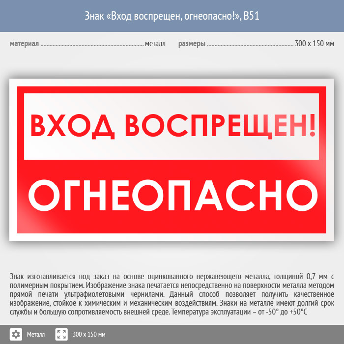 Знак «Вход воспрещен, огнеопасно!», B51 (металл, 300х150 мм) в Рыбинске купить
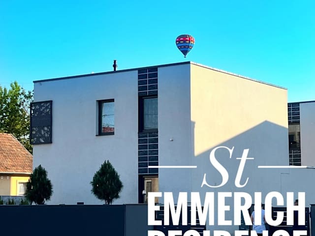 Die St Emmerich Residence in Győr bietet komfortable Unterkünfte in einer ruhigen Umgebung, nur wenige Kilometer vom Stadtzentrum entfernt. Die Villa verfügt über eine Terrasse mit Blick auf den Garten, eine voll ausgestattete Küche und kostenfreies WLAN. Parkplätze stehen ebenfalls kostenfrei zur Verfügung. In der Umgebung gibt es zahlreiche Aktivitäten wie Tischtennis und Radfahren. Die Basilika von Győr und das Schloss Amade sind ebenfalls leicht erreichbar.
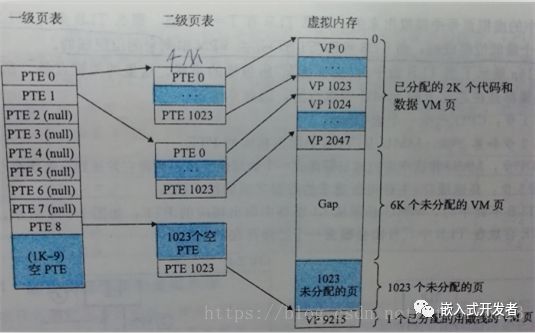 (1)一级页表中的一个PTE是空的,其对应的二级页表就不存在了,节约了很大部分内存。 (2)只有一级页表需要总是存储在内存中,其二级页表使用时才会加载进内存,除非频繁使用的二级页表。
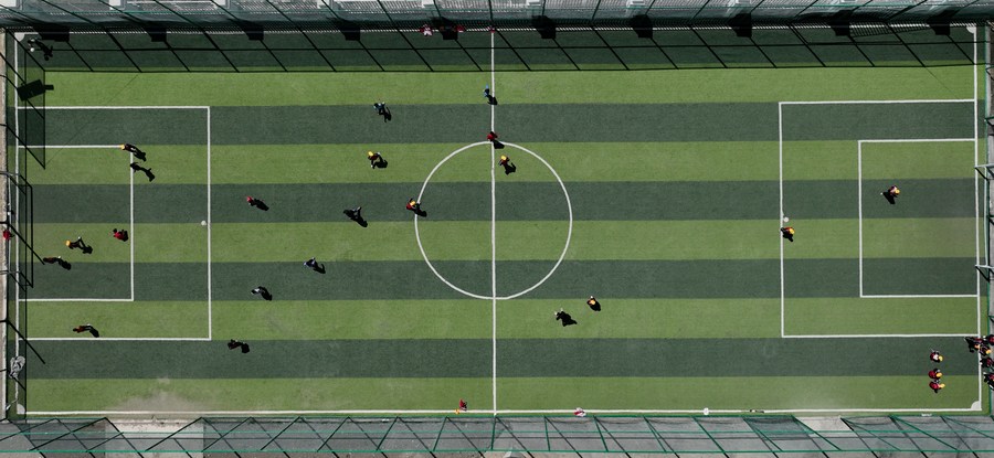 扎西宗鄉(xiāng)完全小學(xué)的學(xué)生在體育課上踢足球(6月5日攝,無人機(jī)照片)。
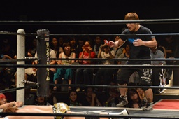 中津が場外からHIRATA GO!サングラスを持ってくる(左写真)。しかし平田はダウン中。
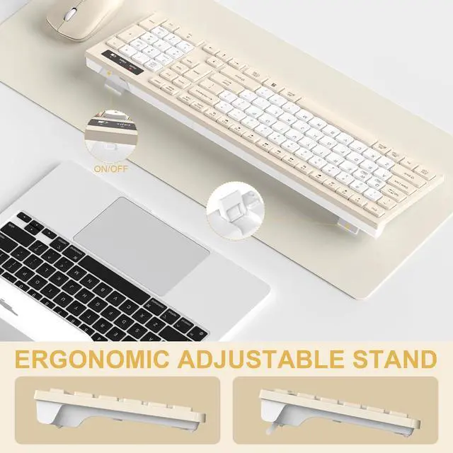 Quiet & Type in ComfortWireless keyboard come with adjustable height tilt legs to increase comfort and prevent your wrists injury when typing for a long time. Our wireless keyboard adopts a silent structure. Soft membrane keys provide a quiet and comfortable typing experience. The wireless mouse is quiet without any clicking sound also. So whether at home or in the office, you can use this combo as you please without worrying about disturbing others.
--
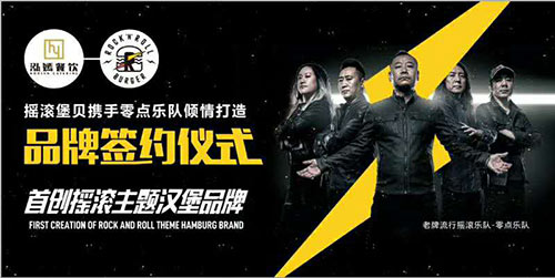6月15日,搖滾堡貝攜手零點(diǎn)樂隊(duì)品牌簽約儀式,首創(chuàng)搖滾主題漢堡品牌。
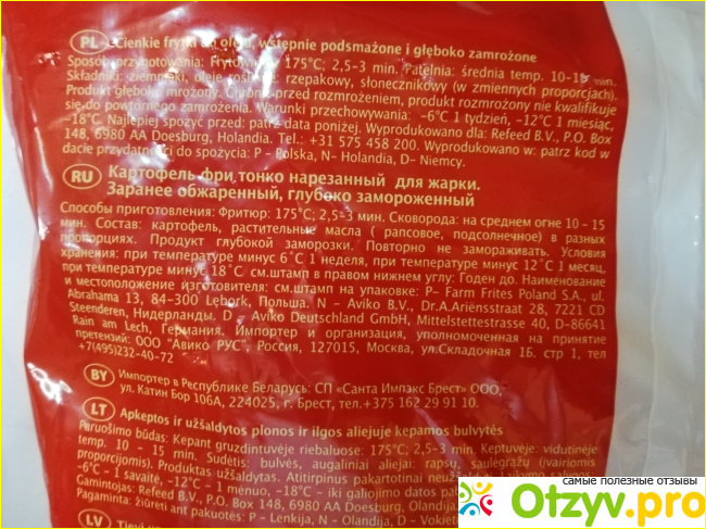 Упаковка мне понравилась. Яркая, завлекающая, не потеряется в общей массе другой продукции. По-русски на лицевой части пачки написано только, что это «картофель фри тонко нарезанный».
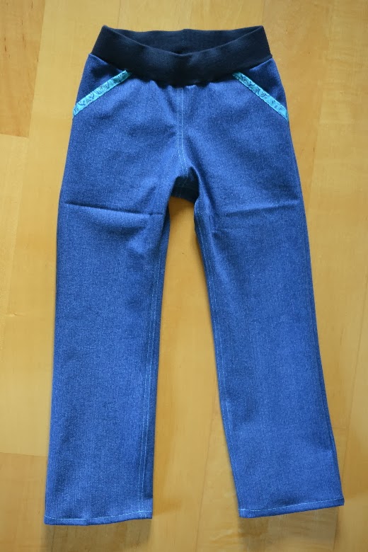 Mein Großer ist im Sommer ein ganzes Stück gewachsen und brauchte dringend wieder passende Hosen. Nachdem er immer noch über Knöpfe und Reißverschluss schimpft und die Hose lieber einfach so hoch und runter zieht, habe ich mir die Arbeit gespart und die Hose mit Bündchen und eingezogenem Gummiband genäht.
---
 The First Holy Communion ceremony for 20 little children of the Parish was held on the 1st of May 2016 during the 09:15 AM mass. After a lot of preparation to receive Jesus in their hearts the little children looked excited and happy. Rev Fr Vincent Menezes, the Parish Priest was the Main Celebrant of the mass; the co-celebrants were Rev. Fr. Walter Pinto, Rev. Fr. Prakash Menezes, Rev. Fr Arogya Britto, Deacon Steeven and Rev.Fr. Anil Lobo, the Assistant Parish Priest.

▶ **YOUR GOAL**:
Each line above starting at the one holding "Die St Emmerich" and ending at the one holding "中津が場外からHIRATA GO!サング" should be set down exactly as it stands, both ends included, with no pictures.

▶ **ANSWER BELOW**:
 Die St Emmerich Residence in Győr bietet komfortable Unterkünfte in einer ruhigen Umgebung, nur wenige Kilometer vom Stadtzentrum entfernt. Die Villa verfügt über eine Terrasse mit Blick auf den Garten, eine voll ausgestattete Küche und kostenfreies WLAN. Parkplätze stehen ebenfalls kostenfrei zur Verfügung. In der Umgebung gibt es zahlreiche Aktivitäten wie Tischtennis und Radfahren. Die Basilika von Győr und das Schloss Amade sind ebenfalls leicht erreichbar.
 (1)一级页表中的一个PTE是空的,其对应的二级页表就不存在了,节约了很大部分内存。 (2)只有一级页表需要总是存储在内存中,其二级页表使用时才会加载进内存,除非频繁使用的二级页表。
 扎西宗鄉(xiāng)完全小學(xué)的學(xué)生在體育課上踢足球(6月5日攝,無人機(jī)照片)。
 中津が場外からHIRATA GO!サングラスを持ってくる(左写真)。しかし平田はダウン中。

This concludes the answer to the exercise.